▸ YOUR OBJECTIVE: From the line containing "Done in rich" to the last line of the listing, transcribe exactly and add nothing else; keep both ends and omit pictures.

▸ GIVEN INFORMATION:
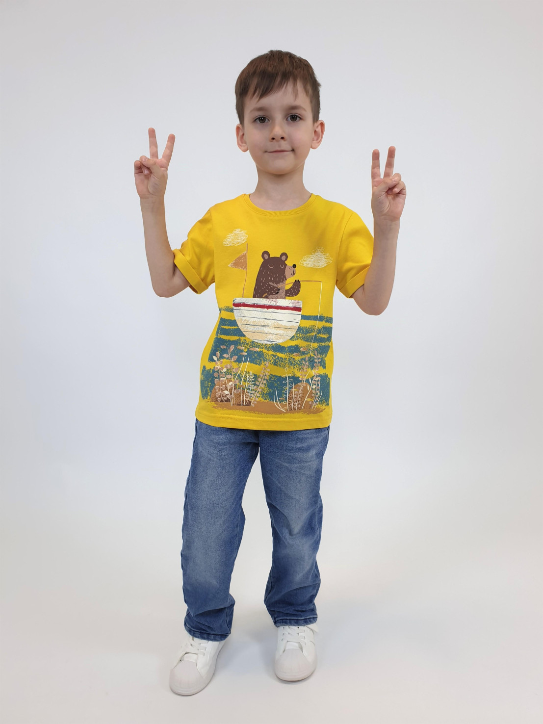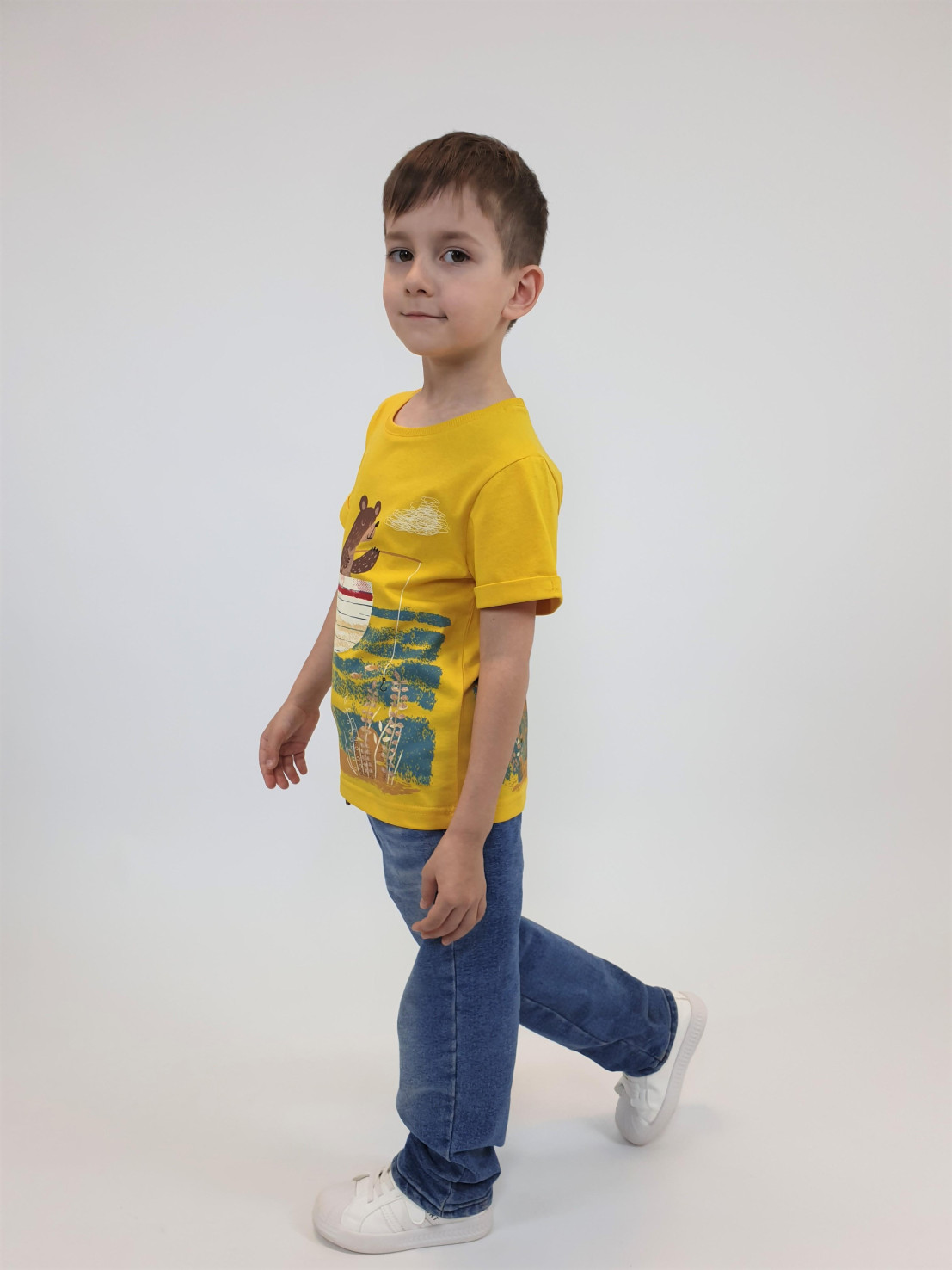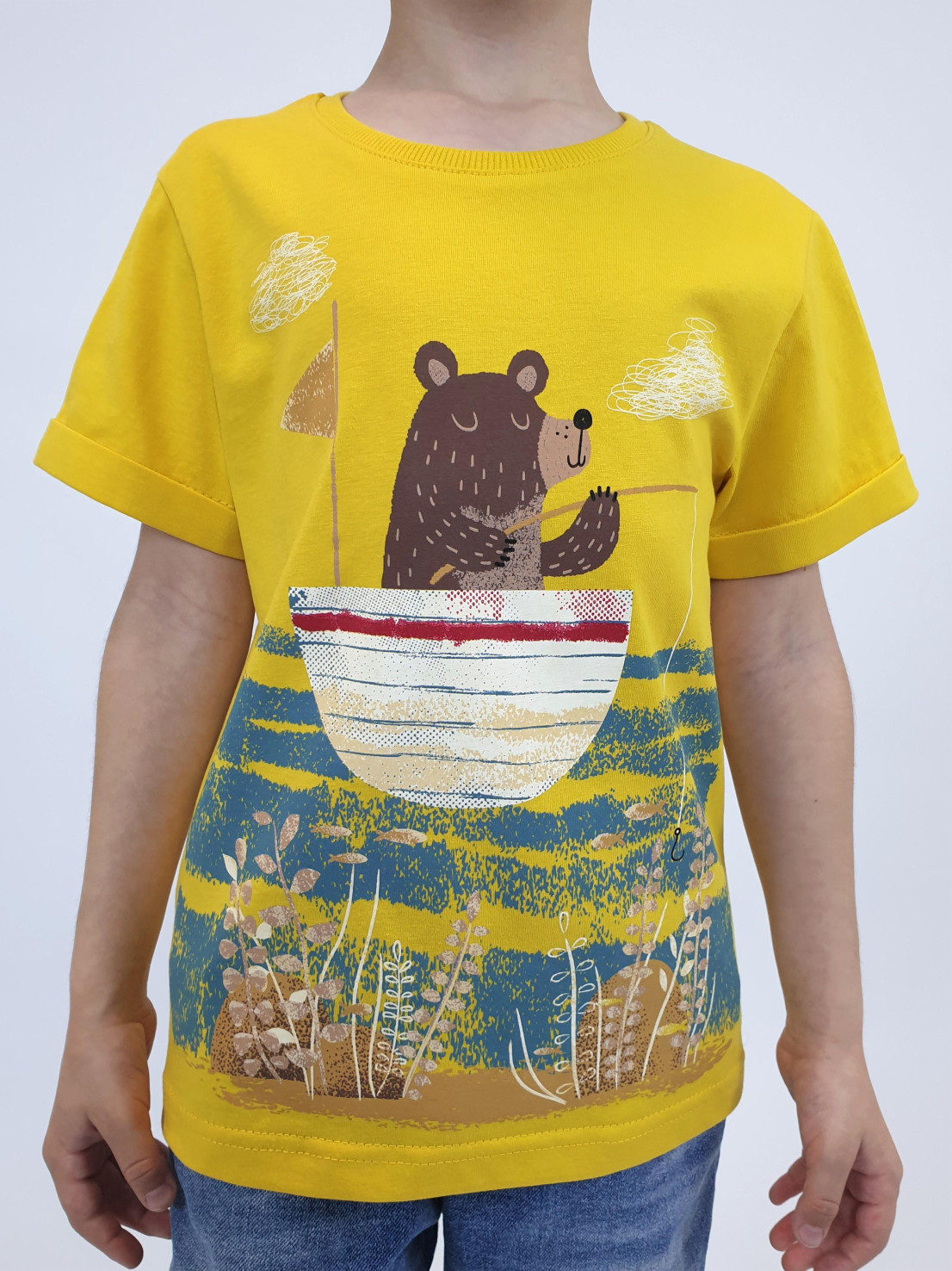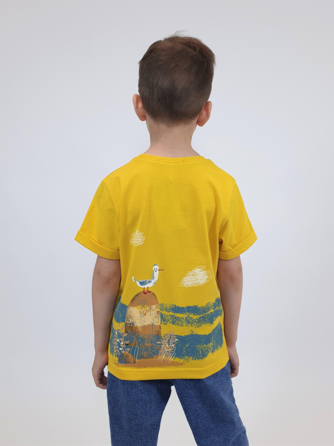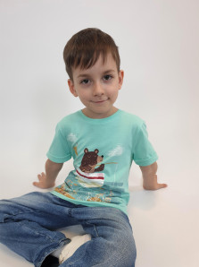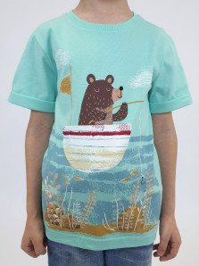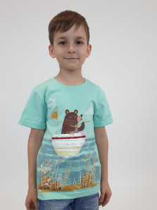 Кулирное полотно:100% х/б. Фуфайка-прямой силуэт,короткий втачной рукав с отворотом.Горловина обработана ластиком.Печать на переде и спинке.
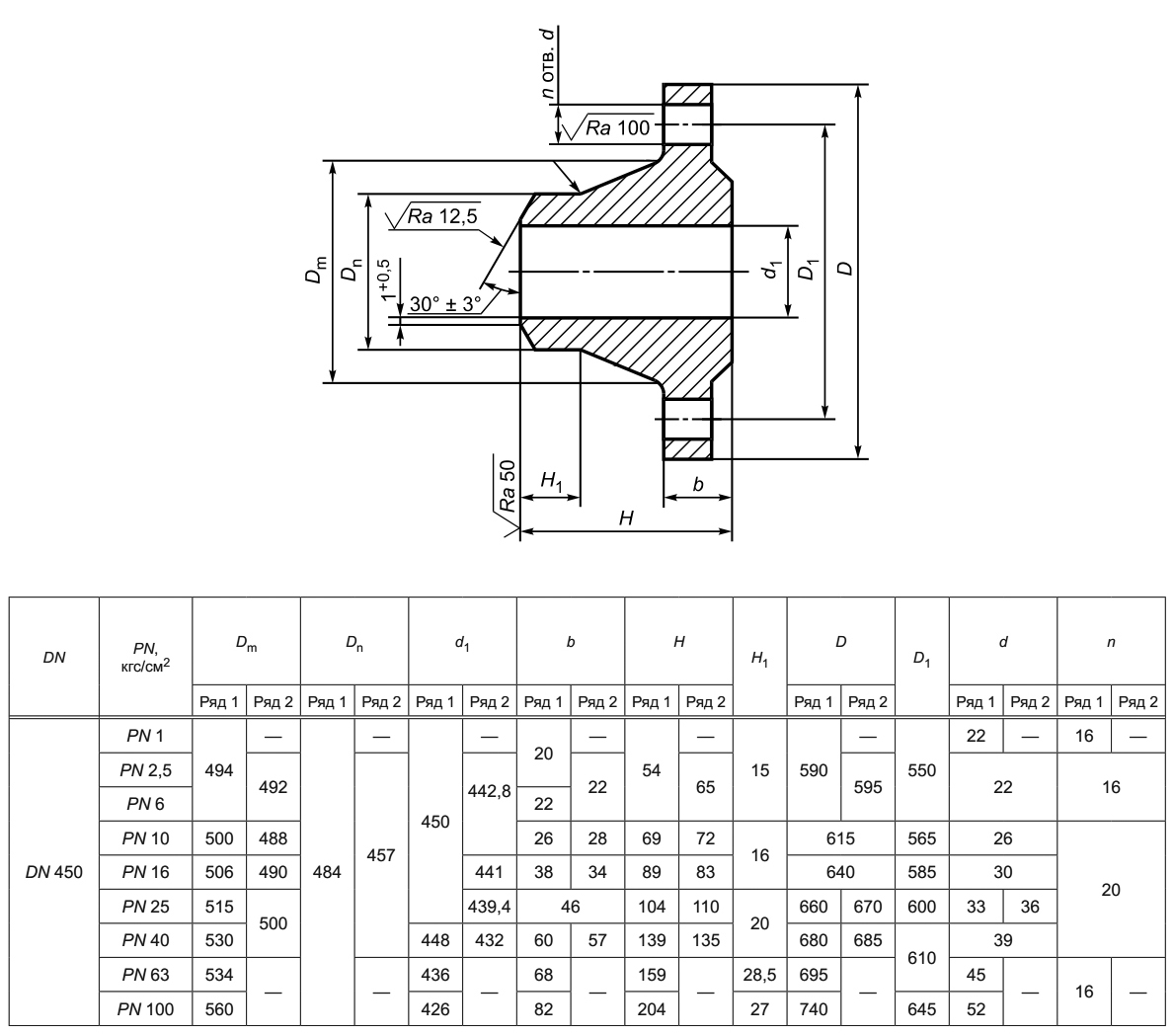 Фланец 450-160-11-1-В-12Х18Н10Т-IV ГОСТ 33259-2015 нержавеющий воротниковый приварной встык Ду 450 Ру 160
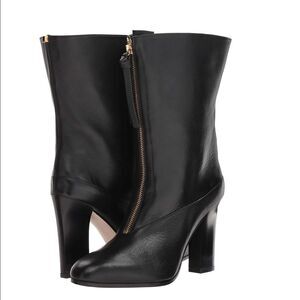 Done in rich lambskin leather, this gorgeous boot features an exposed zipper with a tasseled pull that beautifully highlights the style's wider topline.
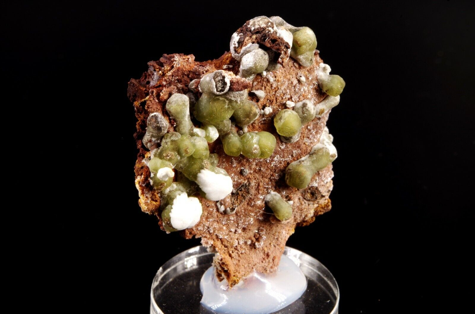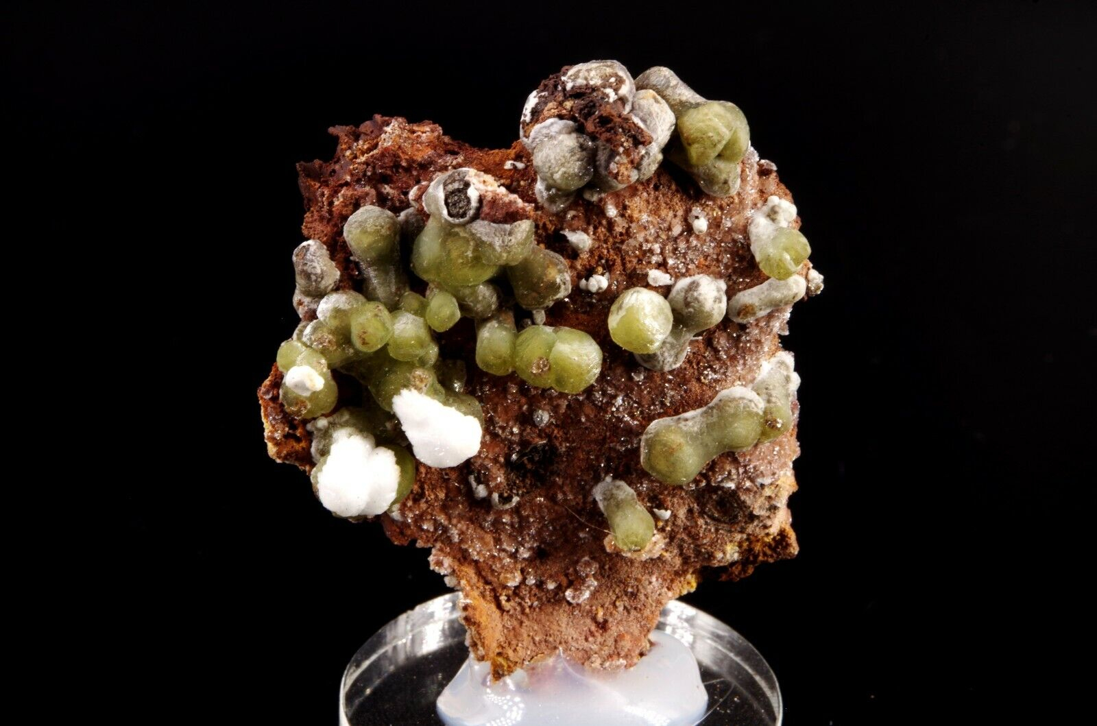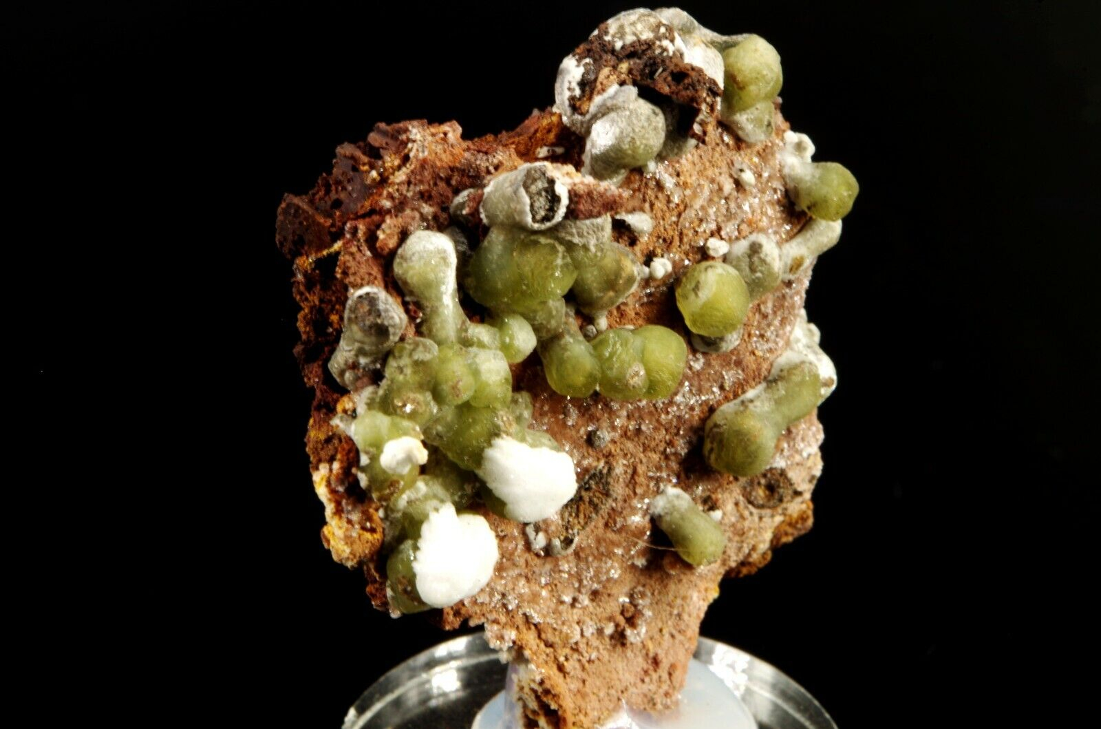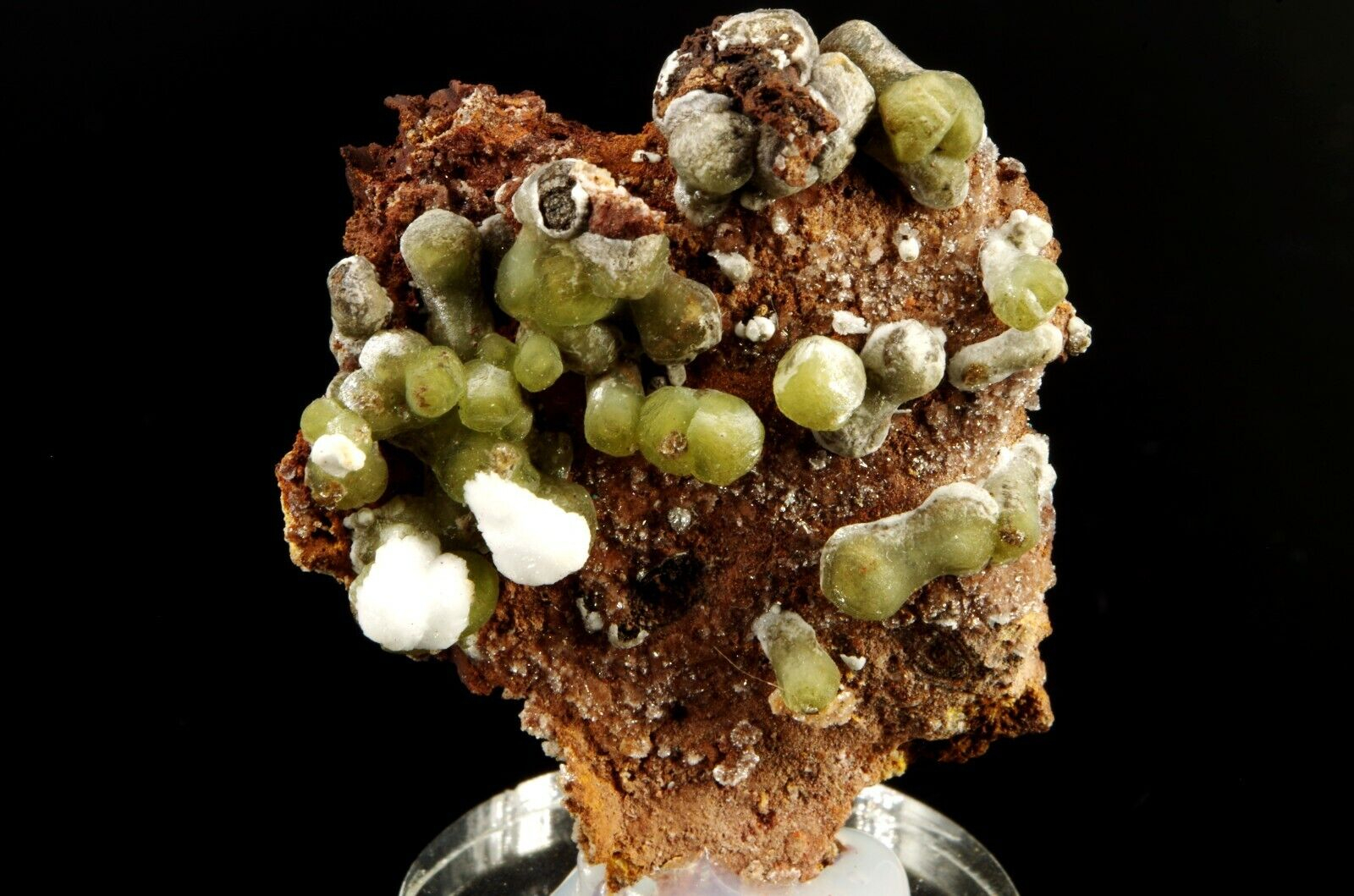 Cupro-Smithsonite d’aspect botryoïdal recouverte de 2 formation de calcite blanche

▸ ANSWER TO THE EXERCISE:
 Done in rich lambskin leather, this gorgeous boot features an exposed zipper with a tasseled pull that beautifully highlights the style's wider topline.
 Cupro-Smithsonite d’aspect botryoïdal recouverte de 2 formation de calcite blanche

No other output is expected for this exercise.